Given the far lower number of
women in the sciences, one unacknowledged consequence of female preference in hiring may be
the compensatory pressure to hire and promote
women in the humanities and social sciences. The "feminization" of some branches of these "soft"
disciplines has been a palpable byproduct of this strategy -- feminization
referring not just to the numbers but to what and how women who ostensibly share
the ideological disposition of the Women's
Caucus tend to teach. Does this not necessarily reshape the
nature of higher learning in
ways that we would be wise to scrutinize?
Unfortunately,
the problem President Summers addressed will persist despite the attempts to silence him. No one
doubts that women seeking careers in science
face greater challenges than those in other academic and research fields. At a recent forum of Harvard
graduate students, a succession of budding
female scientists expressed their anxieties about having chosen careers that will conflict, more
than most, with their no less strong desires to raise and nurture a family. More
than one young woman present felt that a
job with reduced pressure during her childbearing years might
better suit her needs than
competition at the very highest levels. The good news is that most of the young women acknowledged that
their dilemma was one of choice rather than
a product of discrimination against them.
The very
notion of "underrepresentation," based as it is on the implicit goal of numerical parity, greatly
prejudices our ability to understand why women make the choices that they do.
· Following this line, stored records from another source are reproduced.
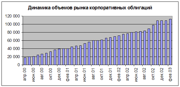 Таблица 3: Соотношение количества эмитентов. Как видно из таблицы, если по состоянию на конец 2001 года предприятия "второго эшелона" составляли около 1/3 всех эмитентов, то к февралю 2003 года их доля приблизилась к 1/2. Наблюдается тенденция увеличения количества эмитентов, не относящихся к числу крупнейших корпораций. Это не означает напрямую, что падает и надежность эмитентов. Тем не менее, определенная корелляция есть – у крупнейших корпораций ниже репутационные риски, да и характер их деятельности обычно подразумевает более высокую рентабельность и финансовую устойчивость. Вполне возможно, что эта тенденция роста доли предприятий «второго эшелона». В пользу этого свидетельствует ряд факторов. · Снижение процентных ставок по облигациям, делающих даже для низконадежных эмитентов эти ставки приемлемыми. · "Технология размещения", поставленная на поток, снижающая стоимость услуг посредников. ЗаключениеСовременную финансовую систему государства невозможно представить без развитого рынка ценных бумаг, а в частности без рынка корпоративных облигаций, которому посвящена данная дипломная работа. Рынок корпоративных облигаций в РФ сравнительно молодой. Фактически толчком к развитию данного рынка послужил «августовский» кризис 1998 года, когда в результате кризиса банковской системы предприятия лишились возможности для получения кредитов. Во всех развитых странах, с цивилизованным рынком корпоративных облигаций основное количество заемных средств для финансирования инвестиций, предприятия получают путем выпуска и размещения корпоративных облигаций. Это обусловлено тем, что банковская система не в состоянии предоставить значительные объемы денежных средств на длительный срок, а так же величиной процентных ставок. В Российской Федерации заимствования на рынке корпоративных облигаций пока не получило широкого распространения по ряду причин, в частности из-за несовершенства законодательства. На мой взгляд существует ряд мер для повышения эффективности рынка корпоративных облигаций, и активизации на нем деятельности эмитентов и инвесторов: 1. Значительное снижение либо отказ от налога на эмиссию ценных бумаг; 2. Приведение налогообложения по корпоративным облигациям в соответствие с налогообложением государственных ценных бумаг; 3. Упрощение процедуры выпуска корпоративных облигаций; 4. Отнесение на себестоимость затрат эмитента, связанных с подготовкой, эмиссией, размещением и обслуживанием ценных бумаг; 5. Внедрение национальной системы рейтингов, включая работу с ведущими рейтинговыми агентствами, формирующими приоритеты инвесторов; 6. Информационное освещение выпуска ценных бумаг новыми предприятиями, в первую очередь из научно-технической и информационной сфер. В заключении хочу добавить, что нельзя недооценивать значение рынка корпоративных облигаций для государства в целом, т.к. средства привлекаемые предприятиями направляются на модернизацию производства, а отлично функционирующие предприятие это огромные финансовые потоки в виде налоговых платежей в бюджет государства. Список использованной литературы1. Гражданский кодекс РФ. 2. Закон РФ «О рынке ценных бумаг» №39-ФЗ от 22.04 3. Закон РФ "Об акционерных обществах" N 208-ФЗ от 26.12.1995 г. 4. Закон РФ "Об обществах с ограниченной ответственностью" N 14-ФЗ от 8.02.199
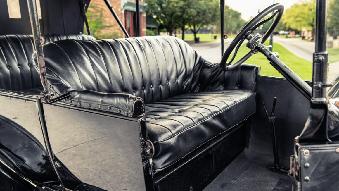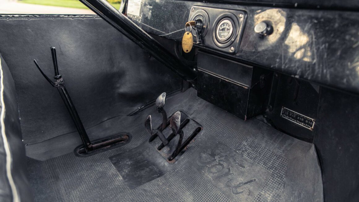 La Ford, en revanche, est aussi avare et basique que la Detroit est chic et classe. Les sièges sont simples recouverts d’un similicuir bon marché, et le plancher en bois brut est recouvert d’un tapis en caoutchouc coupé approximativement, il est supposé imperméable, puisque notre voiture d’essai a un toit rabattable mais pas de vitres latérales, mais rien n’est certain… Il n’y a pas non plus de porte conducteur, car pourquoi en avez-vous besoin ?
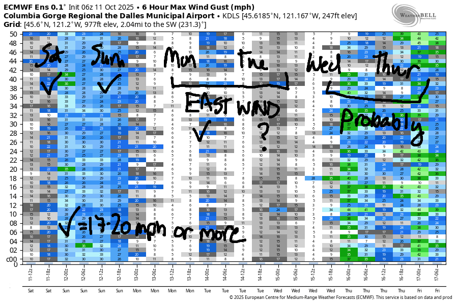 Monday sees a low settle offshore. Easterlies result. These easterlies won’t be confined to the river, and thus they’ll be lighter than gradients and models suggest. Call it 20-25mph at Iwash, 20mph at Stevenson, 15-20mph at Viento, and 10-20mph from Hood River eastward, especially away from the river and up in the hills, where the easterlies will be strong. High temp: 52F for Hood River. Some sort of easterlies, perhaps 20-25mph at Stevenson, are forecast Tuesday. Wednesday: potentially west wind. Thursday and Friday: potentially strong west wind. Fingers crossed. See you on the Nch’i Wana!
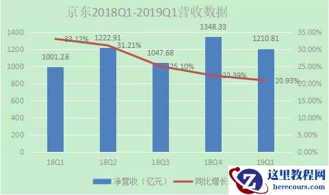 在2019年第一季度,京东总体营收为1210.81亿元人民币,同步增长20.93%。从京东2018年第一季度到2019年第一季度的营收数据环比趋势来看,每年的第二季度和第四季度均有大幅度提高;2018年第一季度京东总体营收1001.28亿元人民币,同比增长33.12%。由此可见,从2018年第一季度同比营收增速开始呈现缓慢下滑趋势。
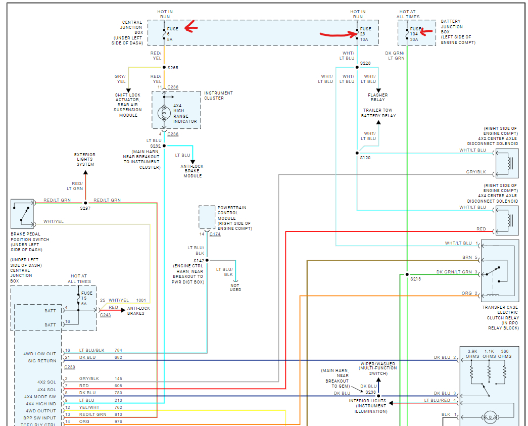 The #1 reason the truck gets stuck in four-wheel drive is the transfer case actuator motor goes bad, but you should check the fuses as well, here is the wiring diagrams for the system so you can see how it works, and which fuses to test for power this guide will help:
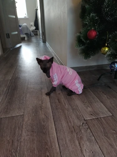 товар пришел быстро,но доверилась отзывам и подвели отзывы.Брала XXLна годовалого сфинкса.Ну очень велик.А так нормально,костюмчик тепленький.С продавцом общаться не было нужды.
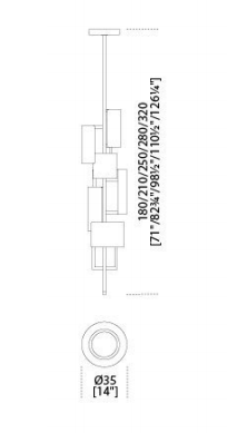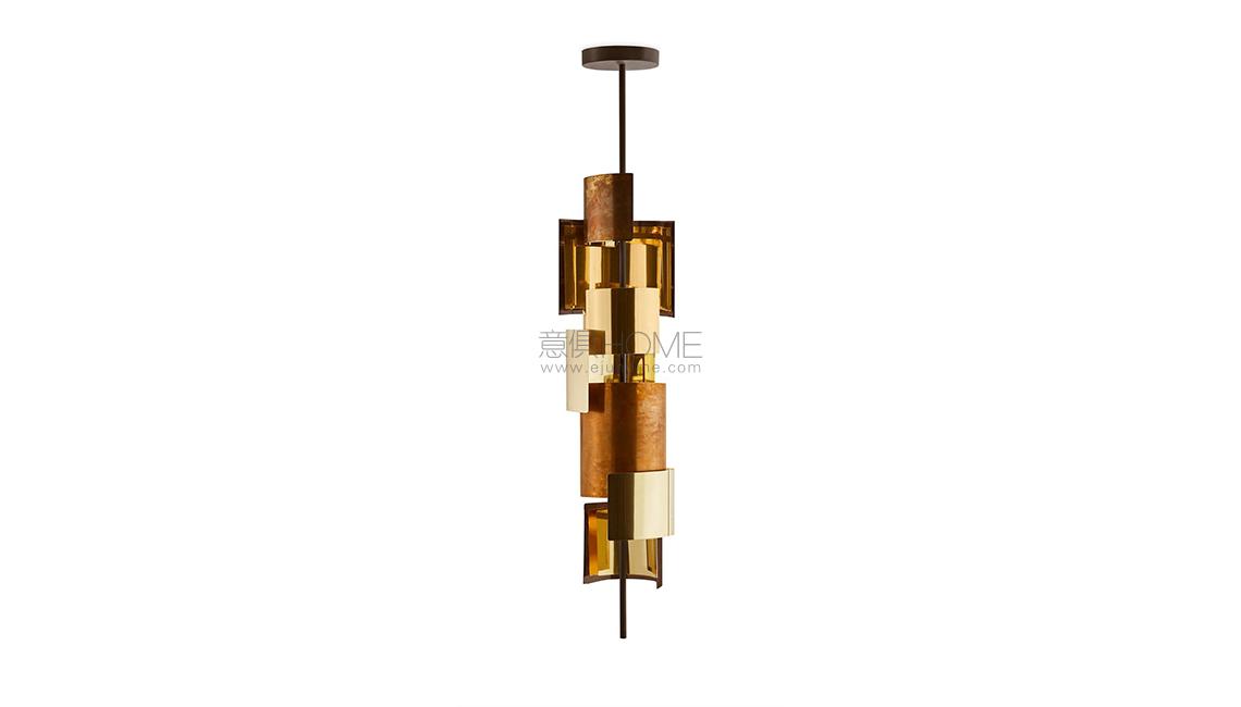Hanging lamp with LED light with black bronzed painted structure and bright, satin, hand-burnished brass and black chrome parts.

If
women gravitate to the hard sciences less
than to other fields, we ought to grant them the intelligence of
sentient creatures, recognizing
the potential loneliness of such choices while trying to understand why groups and
individuals act as they do. It is not President Summers who owes women an apology;
it is the complainers and agitators who owe
both him and all of us an apology for trying to shut down discussion of an "inequality" that is not likely
to disappear.
Ruth Wisse is the
Martin Peretz Professor of Yiddish Literature and Professor of Comparative Literature at Harvard.
Wall Street Journal Online, January 21, 2005.